The usual riposte to parents raising the issue of how they’re supposed to work when their children are off school – and we heard an awful lot of it during the Covid pandemic – is that schools are not babysitting facilities. Or, a personal favourite: if you can’t mind your own children, don’t have them. For the sake of clarity, nobody mistakes schools for babysitting services; they are educational facilities and much more besides. Teachers play a vital role in children’s social and emotional development, sparking latent talents and interests, flagging when something may be wrong at home or when additional support is needed, offering kindness and food and emergency cash for the bake sale when parents – okay, this parent – once again drop the ball. But since adults aren’t generally encouraged to accompany their children to school, the expectation that you can go to work while they are otherwise occupied getting an education ought not to be so controversial.
The phoney war of words between parents and teachers (just one of the reasons that it is contrived is that many teachers are parents too) serves no one except politicians and maybe Elon Musk, keeping us all busily embroiled in pointless circular debates on X, instead of organising ourselves to make demands such as better pay for teachers and childcare workers.
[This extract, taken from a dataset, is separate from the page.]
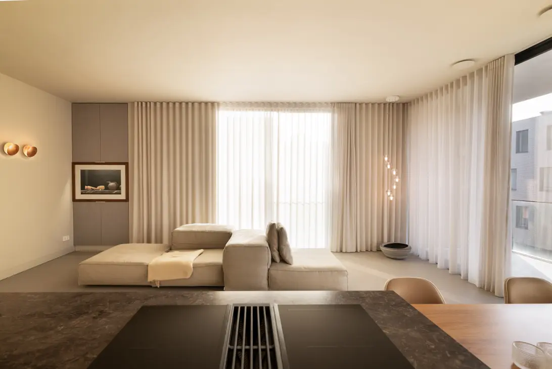 De lichte woonkamer is ingericht met oog voor eenvoud, balans en ruimtelijkheid. Grote ramen laten volop daglicht binnen. Een speciaal ontworpen vitrinekast, bedoeld als klein museum, combineert een glazen presentatiedeel met praktische bergruimte en sluit naadloos aan op het overige maatwerk. Slim ontworpen schuifdeuren verdwijnen optisch in de wand, waardoor de woonkamer sereen en georganiseerd blijft. Sculpturale verlichting van Bocci en Catellani & Smith, gecombineerd met een lichtplan van Kreon, accentueert de lijnen en hoogwaardige materialen in de ruimte.

And affordable, State-funded, wraparound care that covers the entire working day throughout the primary school years.
Childcare costs have become more manageable under this Government – the Government says they will be down 50 per cent; anecdotally it’s more like 35 to 40 per cent. But that’s coming from a very high starting point and doesn’t apply at all if you’re using the only form of childcare really available to primary schoolchildren, which is a private childminder or unpaid family member.
Ultimately, the promise of cheaper childcare means little when you can’t get a place for your baby. There is a chronic shortage of preschool spots for the youngest children. After-school care is, at best, ad hoc; at worst, non-existent. And most summer camps are so expensive you feel you child should be emerging with an MBA and not just a free backpack.
The notion that primary schools will shut for the day to accommodate voting is so deeply embedded in Irish society that it is rarely even questioned any more. The obvious solution – hold the vote on Saturday or Sunday – is not up for discussion, because politicians don’t like it. They tried it for the low-stakes children’s referendum and turnout was disappointing, so that’s it, vanquished forever, gone the way of electronic voting machines and throuples as matters of urgent public debate. Never mind the fact that 25 out of the 27 other countries voting in the European elections managed to hold the ballot over the weekend, and their democracies appear intact. Don’t bother suggesting that they could use something other than schools – community halls or even, why not, churches. They’ll tell you that’s a matter for the returning officer.
Above all, don’t expect a robust debate on this issue, since politicians love to talk about creating affordable and accessible childcare models, but appear to spend as much time thinking about how families actually organise their lives as they do about what happens inside the Large Hadron Collider.